Learning through Internalization
Pith reviewed 2026-06-26 17:40 UTC · model grok-4.3
The pith
A simplified one-layer transformer first masters parity with chain-of-thought tokens then internalizes the computation into its weights as tokens are removed.
A machine-rendered reading of the paper's core claim, the machinery that carries it, and where it could break.
Core claim
For the task of learning parities, a simplified one-layer transformer provably first learns the target with explicit CoT supervision and then internalizes the autoregressive generation as CoT tokens are progressively removed, learning to directly compute the parity. This task is computationally hard to learn from data without CoT supervision.
What carries the argument
Internalization of chain-of-thought tokens, the process by which the model transitions from generating explicit reasoning tokens to encoding the required computation directly in its weights.
If this is right
- Internalization turns an otherwise intractable learning problem into a tractable one by first using explicit supervision.

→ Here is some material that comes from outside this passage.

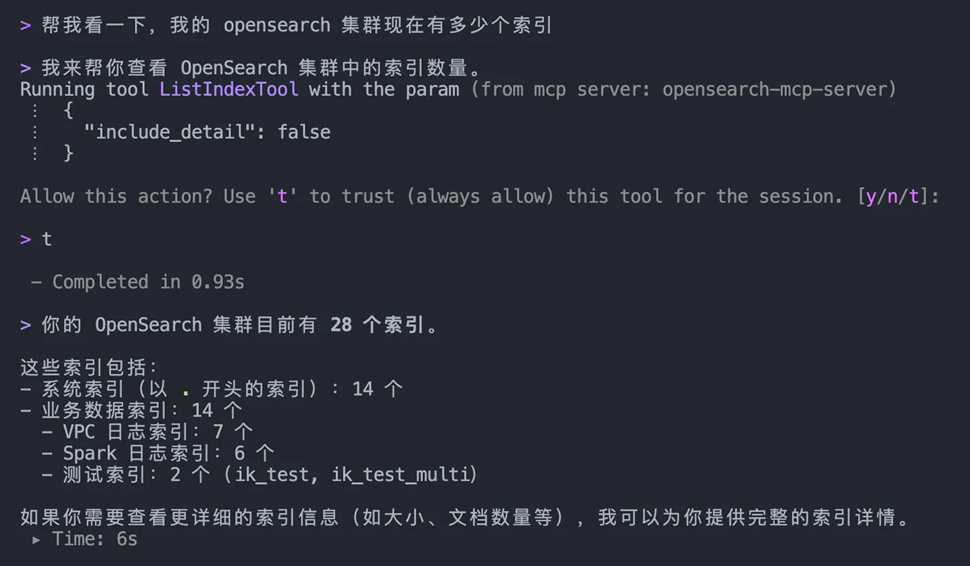 当 Kiro CLI 与 OpenSearch MCP Server 结合使用时,运维人员只需用自然语言描述需求,AI 代理就能自动调用相应的 OpenSearch 工具完成操作。无论是查询集群健康状态、分析慢查询、优化索引配置,还是排查性能瓶颈,都可以通过简单的对话完成。这种人机协作的方式,不仅大幅提升了运维效率,更重要的是降低了技术门槛,让每一位运维人员都能成为 OpenSearch 专家。

- Different classes of semiautomata exhibit different degrees of resistance to internalization.
- Successful internalization is accompanied by a measurable drop in out-of-distribution accuracy.
- The same dynamics relate to the positive distribution shift effect during training.
Where Pith is reading between the lines
- Gradual token removal schedules could be tuned to accelerate internalization on other sequence tasks.
- Out-of-distribution degradation may serve as a practical signal that internalization has occurred.
- The mechanism might generalize to larger transformers on arithmetic or logical reasoning benchmarks.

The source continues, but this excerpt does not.